Fonds / ETF

In & out - was unterscheidet bei der Titelauswahl von Nachhaltigkeitsfonds die Ansätze best-in-class und best-of-class?




So sind in den vergangenen Jahren am "grünen" Kapitalmarkt häufiger Namen von Unternehmen aus Branchen aufgefallen, die man dort eigentlich nicht erwartet, wie solche aus der Chemie-, der Mineralöl- und der Automobilindustrie. Allerdings haben gerade Unternehmen aus problematischen Branchen ein besonders hohes Potenzial, die Umwelt zu entlasten. Wenn etwa alle Mineralölunternehmen zweistellige Einsparungen bei der Emission von Treibhausgasen erreichen würden, würde sich das Weltklima deutlich langsamer erwärmen, auch wenn die Branche dadurch noch immer nicht nachhaltig würde.

Letztlich geht es bei dem best-in-class-Prinzip darum, die Umweltbesten einer Branche durch die Hereinnahme in Nachhaltigkeitsfonds zu fördern und die anderen, noch nicht in diesem Maße nachhaltigen Unternehmen zu bewegen, den "Besten" zu folgen. Auch aus Renditegründen kann diese Auswahl sinnvoll sein, denn sowohl die Praxis als auch Studien haben gezeigt, dass um Nachhaltigkeit bemühte Firmen kostengünstiger produzieren, sich ihre Produkte in der Regel besser verkaufen und diese Firmen daher erfolgreicher sind. Für die Nachhaltigkeitsfonds hat dieser Ansatz den Vorteil, dass sie ihr Portfolio breiter und damit sicherer aufstellen können, nicht auf Firmen aus bestimmten Branchen grundsätzlich verzichten müssen.

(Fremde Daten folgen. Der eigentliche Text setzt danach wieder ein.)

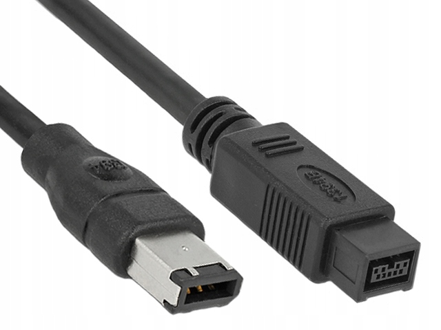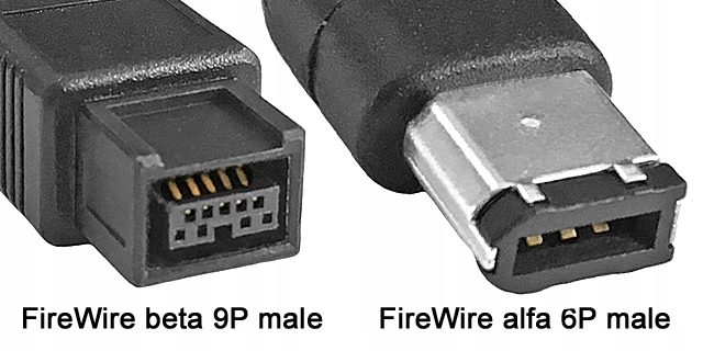 Предлагаемое подключение представляет собой кабель 9p-6p, имеет бета-штепсель 9p на одну, а Alfa 6p, с другой стороны, используется для отправки данных между оборудованием для оборудования порта Firewire 9p (например, Powerbook) и Firewire 6p (например, ПК с картой FireWire) и обеспечивает скорость передачи до 400MB/s.

Doch immer wieder führt oder ver-führt der best-in-class-Ansatz dazu, das Unternehmen in als nachhaltig deklarierten Portfolios landen, bei denen es selbst bei "hellgrüner" Lesart nicht einleuchten will, was sie in einem Nachhaltigkeitsfonds zu suchen haben. Wenn RWE als Europas größte Emittentin von Treibhausgasen oder die Skandalnudel BP in solchen Fonds als größte Positionen auftauchen, schadet das nicht nur dem Renomme des jeweiligen Nachhaltigkeitsfonds, sondern auch dem Nachhaltigen Investment als Ganzem. Denn es spielt den Kritikern in die Hände, die bezweifeln, dass nachhaltige Anlagen wirklich "anders" gestrickt sind und man damit wirklich ein Umsteuern anstoßen kann. Wer aus einem Anlageuniversum einfach die zehn Prozent der Unternehmen als nachhaltig deklariert, die in ihren Branchen bei Nachhaltigkeitsanalysen besser abschneiden als die übrigen 90 Prozent, der verfügt vielleicht über ein breites Spekturm an Anlagemöglichkeuten für einen Investmentfonds. Der wendet aber auch ein sehr grobes Sieb an.

"Aktien nach dem best-in-class-Ansatz auszuwählen heißt nicht, dass diese Firmen besonders nachhaltig sein müssen; es kann auch bedeuten, dass sie weniger schlecht sind als die anderen“, erläutert Prof. Dr. Stefan Schaltegger. Der Nachhaltigkeitsexperte leitet den Lehrstuhl für Nachhaltigkeitsmanagement an der Leuphana Universität Lüneburg. Daher haben einige Anbieter dieses Auswahlverfahren modifiziert, so etwa die Bank Sarasin aus Basel. "Wir setzen auf einen best-of-class-Ansatz", erläutert Erol Bilecen von Sarasin Sustainable Investment. Ihm zufolge wird dabei eine Kombination verschiedener Bewertungen angewendet: eine Branchenbewertung und eine Unternehmensbewertung. Je kritischer die Branche ist, desto mehr muss das Unternehmen leisten, um dennoch für ein Nachhaltigkeitsinvestment in Frage zu kommen. Wenn etwa ein Unternehmen aus der Ölbranche stammt, gilt sie bei diesem Ansatz nur als investierbar, wenn es besonders hohe Nachhaltigkeitsstandards erfüllt. Einfach nur weniger Schäden an der Umwelt auszurichten reicht dann nicht aus.

Wenn ein Fonds nach diesem Prinzip Titel auswählt, kann es aber dazu kommen, dass er in einigen Branchen keine Beteiligungen hält. Schaltegger hält dies jedoch für vertretbar: „Wenn es in einem Sektor aufgrund hoher Umwelt- und Sozialrisiken keine investierbaren Unternehmen gibt, kann man auch fernbleiben“, so der Nachhaltigkeitsexperte. Fonds würden ja auch nicht in Unternehmen und Branchen investieren, wo es hohe ökonomische Verlustrisiken gebe.